Both injections exist, so by CSB, $|(0, 1)| = |\mathbb{R}|$ . We are not told what the bijection looks like — and for most purposes we do not need to know.

That said, the $(0,1) \leftrightarrow \mathbb{R}$ bijection IS constructible (using $\tan$ ). Switch the widget below to that preset and watch the explicit construction step through. Compare with the other presets — CSB guarantees a bijection between, say, $\mathbb{N}$ and $\mathbb{Q}^+$ , and the Cantor-Stern enumeration is one way to exhibit it.

Where this shows up

- **Type-theoretic isomorphisms:** In programming-language theory, two types are considered isomorphic when there exist functions

f \colon A \to B

and

g \colon B \to A

that "lose no information." For finite types, equal cardinality is enough; for infinite types (e.g. stream types in lazy languages), the existence of mutual embeddings — the CSB pattern — underlies the formal notion of type equivalence. - **Database schema equivalence:** Showing that two relational schemas express the same information often reduces to producing injections in both directions between their query results. CSB-style arguments tell you the schemas are interchangeable even without an explicit translation procedure. - **Category-theoretic equivalences:** Many "equivalences of categories" in modern mathematics — algebraic structures vs. their representations, varieties vs. their coordinate rings, manifolds vs. their algebras of smooth functions — rest on cardinality coincidences that CSB provides in the background.

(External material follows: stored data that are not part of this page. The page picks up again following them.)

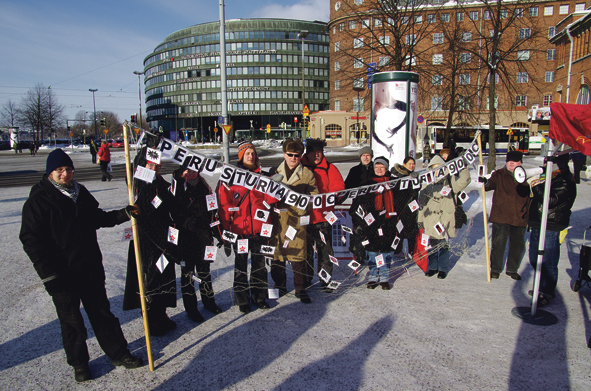SKP julkisti tänään Hakaniemen torilla aloitteen perusturvan uudistamiseksi. SKP toi torille verkkoja paikattavaksi ja uusittavaksi esimerkkinä perusturvan parantamisen tarpeesta. SKP syytää hallituksia ja eduskuntaa siitä, että jo noin 700 000 suomalaista joutuu sinnittelemään EU:n määrittelemän köyhyysrajan alapuolella.
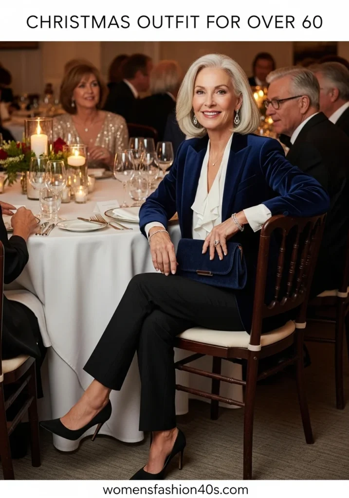 This look screams festive sophistication. I wore a similar outfit to my friend’s charity dinner — everyone loved the balance of shine and structure. Velvet blazers are up 29% in searches among women 55+.
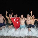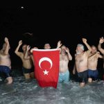 Grup üyelerinden İsmail Çankaya, her gün sabah erken saatlerde denize girdiklerini belirterek, “Her gün sabahsaat 07.00’de denize giriyoruz. Herkesin yeni yılı kutlu ve mutlu olsun. Yeni yılı denizde karşıladık, denizin suyu sıcaktı” dedi.
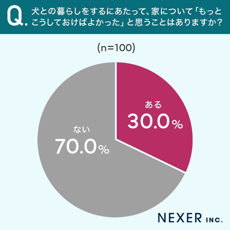 3割の方が犬との暮らしをするにあたって、家について「もっとこうしておけばよかった」と思うことが「ある」と回答しています。

Pause and think: Why does it matter that CSB only asserts the existence of a bijection rather than constructing one? (Hint: in many proofs — especially in measure theory and analysis — we only need to know that $|A| = |B|$ to make a counting argument or transfer a result. We do not need the actual bijection. CSB separates "are these the same size?" from "what is the explicit pairing?")

Try it

Before reading further: use CSB to show $|[0, 1]| = |[0, 2]|$ . Provide injections in both directions.
Predict first: use CSB to show $|\mathbb{R}| = |(0, \infty)|$ . (Hint: $e^x$ does half the work; what does the other injection look like?)
Show $|\mathcal{P}(\mathbb{N})| = |{0, 1}^{\mathbb{N}}|$ — the power set of $\mathbb{N}$ equals the set of infinite binary sequences. Give a bijection (this one is so direct that CSB is overkill).
Predict first: is it possible to have injections $A \to B$ and $B \to A$ without any actual bijection between them? (CSB says no — but think about why this is surprising.)
Show $|\mathbb{R}^2| = |\mathbb{R}|$ using CSB. (Hint: the injection $\mathbb{R} \to \mathbb{R}^2$ is trivial; the injection $\mathbb{R}^2 \to \mathbb{R}$ uses an interleaving of decimal expansions.)

A trap to watch for

A common misreading is that CSB constructs a bijection explicitly — that having two injections somehow hands you the bijection ready-made. It does not. CSB is an existence theorem: it tells you that some bijection exists, but the proof has to do real work to extract one, classifying elements into A-stoppers, B-stoppers, and infinite chains. In many situations the bijection it produces is not a nice closed-form formula. The lesson is: when a problem only asks "do these sets have the same cardinality?", CSB and a pair of injections is usually the cleanest route. When a problem asks for an explicit bijection, CSB does not directly help — you must either construct the bijection or unpack the CSB proof for the specific case.

What you now know

You can state CSB, recognise the pattern (injection in each direction) that triggers it, and apply it to standard cardinality equations like $|(0, 1)| = |\mathbb{R}|$ and $|\mathcal{P}(\mathbb{N})| = |\mathbb{R}|$ . Together with Cantor's diagonal argument from the previous section, CSB completes the toolkit of basic cardinality reasoning. Chapter 8 closes here in Velleman’s text; further results — the Continuum Hypothesis, large cardinals, the Axiom of Choice and its consequences — belong to a follow-up course in axiomatic set theory.

References

Velleman, D. J. (2019). How to Prove It: A Structured Approach (3rd ed.). Cambridge University Press, ch. 8.
Halmos, P. R. (1960). Naive Set Theory. Springer (CSB chapter).
Enderton, H. B. (1977). Elements of Set Theory. Academic Press.
Hrbacek, K., Jech, T. (1999). Introduction to Set Theory (3rd ed.). CRC Press.
Smullyan, R. M., Fitting, M. (1996). Set Theory and the Continuum Problem. Oxford University Press.